I need a little assistance from ballistics experts.

I'm trying to add a Pz.IIIG with a 50mm Kw.K.38 L/42 (short 50mm gun) to the game. The Pz. III with the short 50mm gun is not in the game, but it was a major player in Barbarossa. It is simple to switch guns and alter armor values, but the data for the this gun isn't in the game data files.

I have the penetration data from Jentz, but I need some additional information.

Info needed:

Reload time or Rounds per minute

Maximum firing distance

Muzzle velocity for the 50mm SPgGr 38 (HE) shell

It would also be nice to have additional penetration data (other than Jentz)

Finally, does anyone have the mathematical formula for converting armor penetration values from 30 degrees to 0 degrees?

Thanks in advance for any assistance.

Oudy

Oudy:

Excellent idea. The game does need the earlier PzIII models.

Regarding your slope effects question, it is complicated as slope effects are a function of obliquity, t/d ratio and projectile type. German wartime estimations also included a slope effects factor related to impact velocity.

I have not looked at this two carefully in game terms, but as I understand this from earlier disscussions on the subject, the Anglo-Allied penetration figures represent 0-degree values. What you might initially try looking at is obtaining 30-degree penetration values for Allied guns firing the same form of projectile as your 50mmL42 KwK. I think the early 50mm KwK would be firing mostly APC, so look for Allied guns in this caliber range and same projectile type -- 2pdr, 6pdr, 75mm are possible candidates. Divide the 0-degree values provided in the game by the 30-degree values you have obtained from a little bookshelf research. This will give you an idea of what sort of slope effects multiplier the game designers may be employing.

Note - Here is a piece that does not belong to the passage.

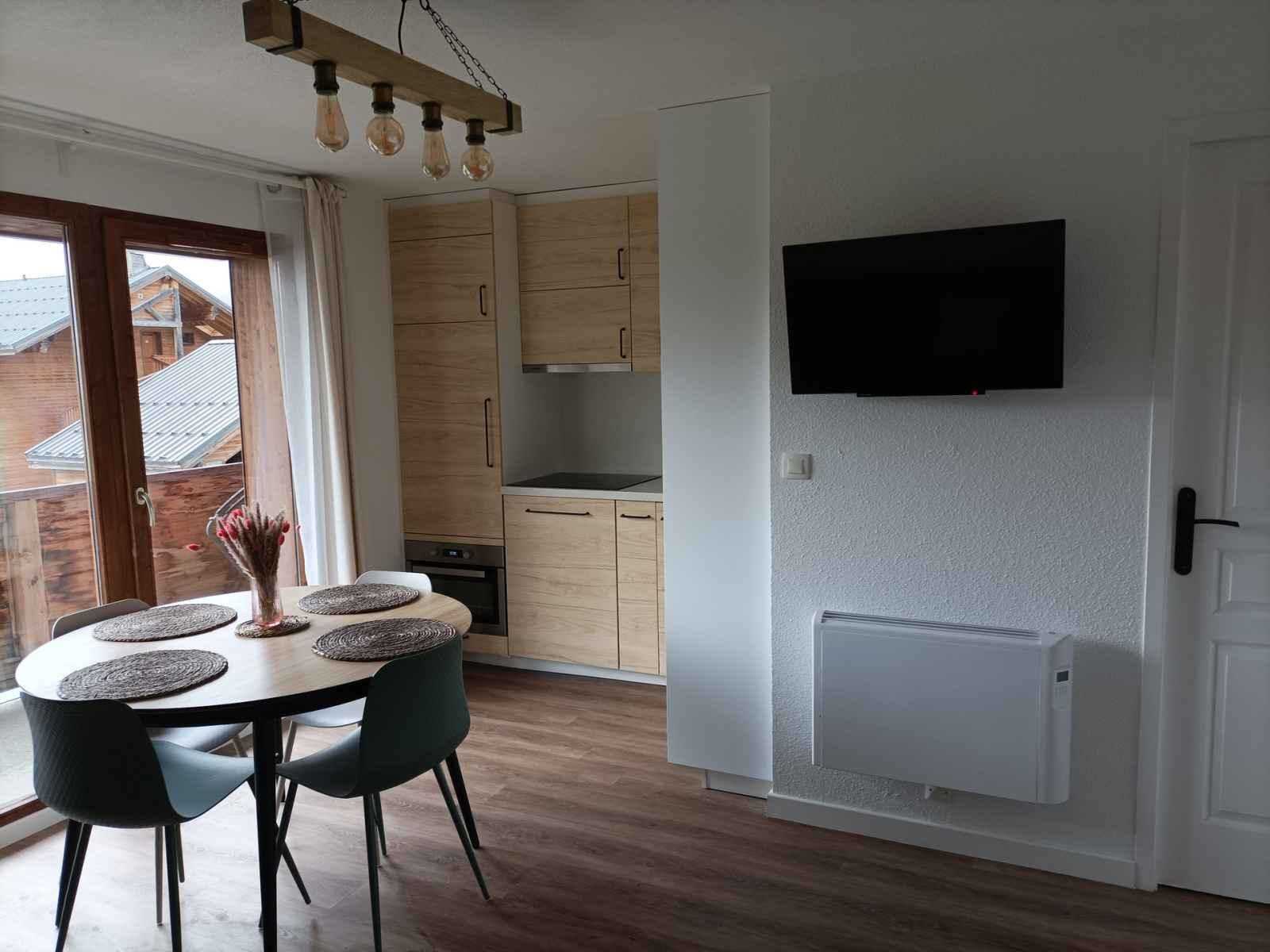 d'eau. Balcon exposé sud-ouest. Local à skis. Parking gratuit. COUCHAGES : - Séjour : canapé convertible 160cm. - Chambre 1: 1 lit double. - Coin montagne: 1 lit superposé (2 lits simples) SANITAIRES : - Salle de bains et WC séparés. Suppléments optionnels : Ménage fin de séjour : 69€ Supplément animal : 9€ / jour ou 45€ / semaine par animal Linge de lit + linge de toilette : 12 € / personne Kit bébé (lit parapluie + chaise haute) selon disponibilité : 15€ / semaine Supléments obligatoires : Taxe de séjour non incluse, à régler sur place Caution (non encaissée, restituée au départ si aucune dégradation n'est constatée)

Moreover, lets say the game data for a specific gun has a penetration value of 50mm at 100-yards at 0-degrees. Pop open one of your tank books (or do a google) to see what the author gives for 30-deg penetration. Most references indicate penetration in terms of 30-degree obliquity. Lets say the reference indicates the gun does 40mm at 100-yards at 30-degrees. Your slope effect is than the game 0-deg penetration value divded by the 30-deg value....50mm/40mm = 1.25. In other the game designers are implying that the projectile type does 1.25 times more penetration at 0-degrees than it does at 30-degrees.

[ June 06, 2007, 01:49 PM: Message edited by: Jeff Duquette ]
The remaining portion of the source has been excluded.